--- START ---

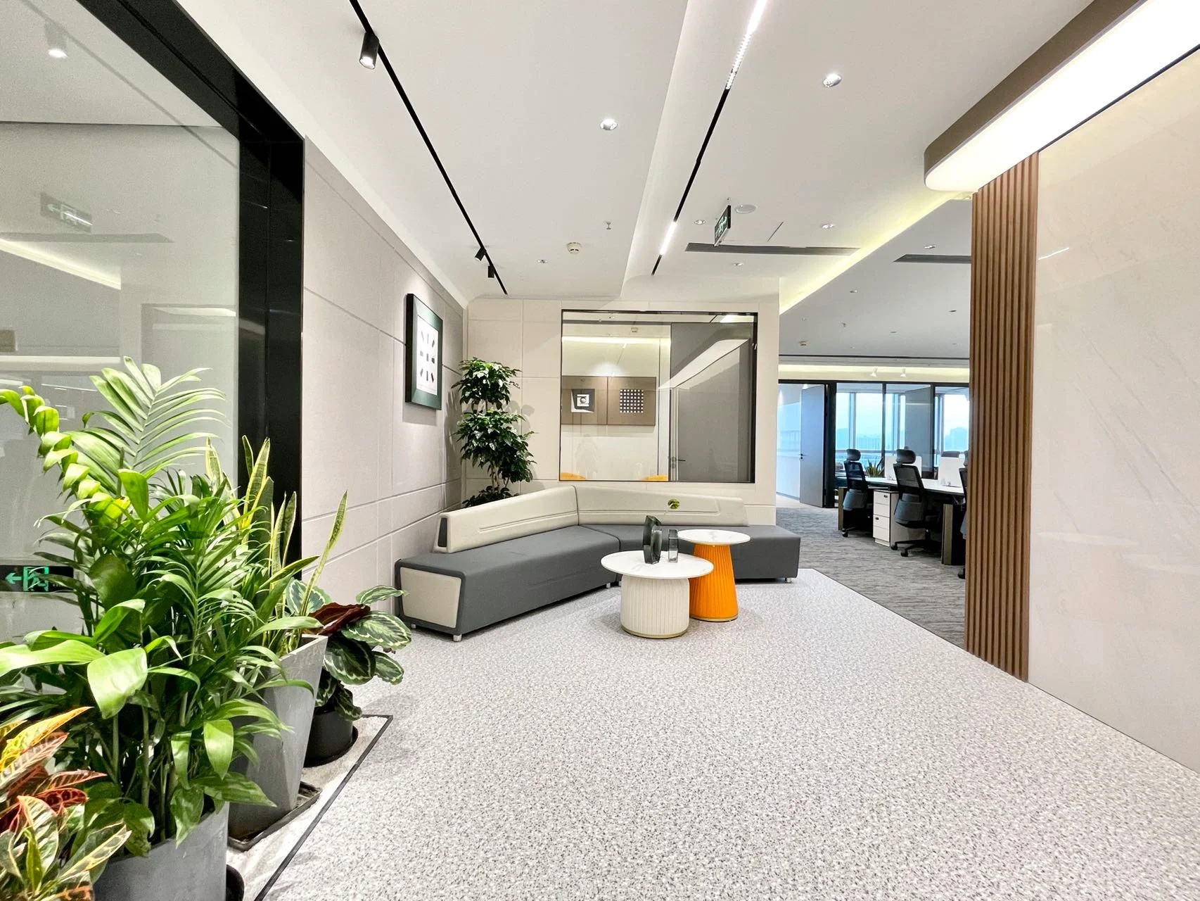 沿袭黑白灰的主色调,干净、简洁、沉稳,上档次,员工得以一心投入工作中。加入一些橙色挡板能适当打破单一色调,对视觉产生一定的冲击力。
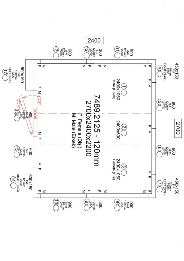 | Dimensions ext chambre (LxPxH) (mm) | 2700x2400x2200 |
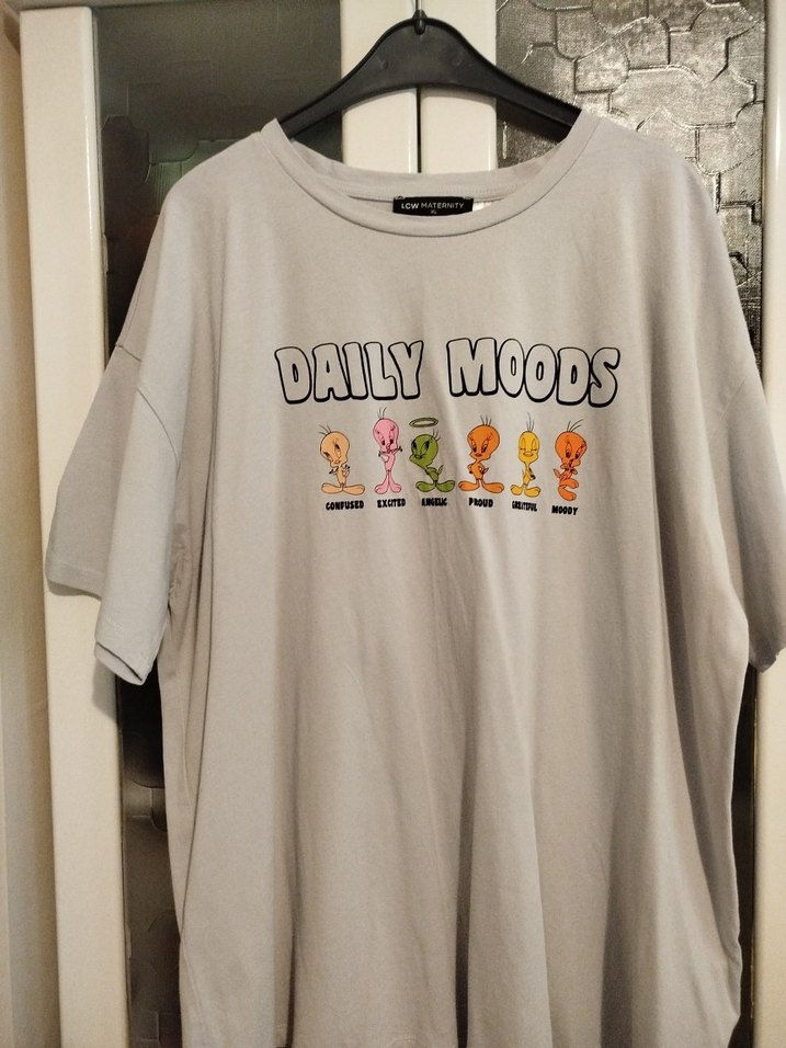 Pamuklu, gri, kısa kollu, bol kesim ve bisiklet yaka tişört. Üzerinde "DAILY MOODS" baskısı bulunan rahat ve şık bir günlük tişört.
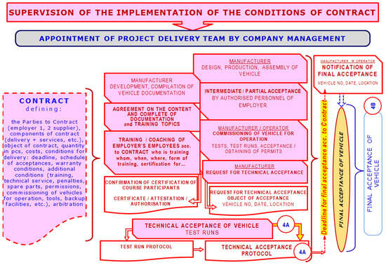 The managers of the organisation, as the persons responsible under the national law for the technical safety of the purchased railway vehicle, require, in the course of the procurement–project (design, production, and operation) procedure, the development of an appropriate Engineering Safety Management (EMS) System, which should ensure effective implementation of the certification process prior to the commissioning of the vehicle for operation. The purpose of a railway vehicle purchasing project is therefore to ensure that the level of safety estimated during the process of the design, production, and testing will be possible to achieve in the course of everyday operation and will not bring them into conflict with the law as a result of any negligence during the implementation of any one of the phases of the project.
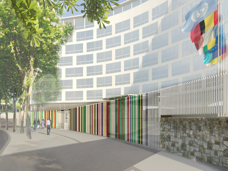 Poste d\\\'accueil et de contrôle sécurité à l\\\'Unesco - Paris / Domingo - Grandjean, architectes.
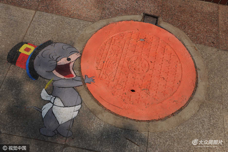 2016年6月01日,濟(jì)南,山東建筑大學(xué)校園內(nèi),近百井蓋被畫上涂鴉萌萌噠,吸引眾多大學(xué)生的眼球。
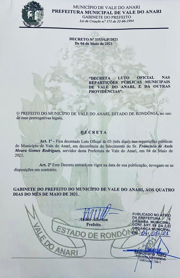 A Prefeitura Municipal de Vale do Anari publicou uma nota de pesar e decretou luto oficial de 3 dias.
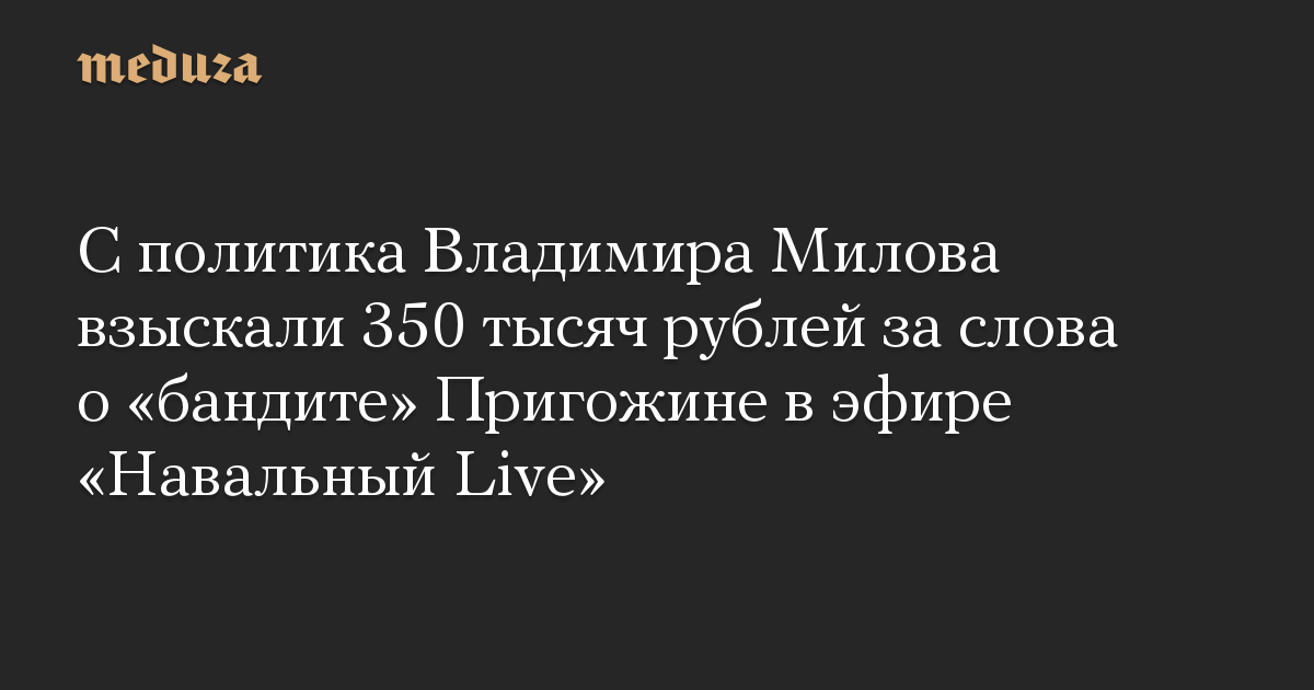 С политика Владимира Милова взыскали 350 тысяч рублей за слова о «бандите» Пригожине в эфире «Навальный Live»
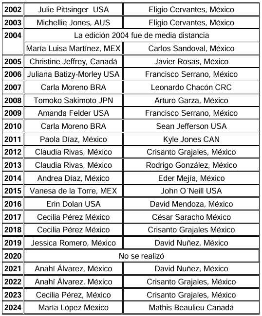 Los ganadores del Triatlón de Ixtapa-Zihuatanejo, desde que lo organiza Asdeporte son:

--- END ---

**Try it:** Retype the records above exactly, starting at the line that contains "С политика Владимира" and going through the last line, and leave out any pictures.

**Response:**
 С политика Владимира Милова взыскали 350 тысяч рублей за слова о «бандите» Пригожине в эфире «Навальный Live»
 Los ganadores del Triatlón de Ixtapa-Zihuatanejo, desde que lo organiza Asdeporte son:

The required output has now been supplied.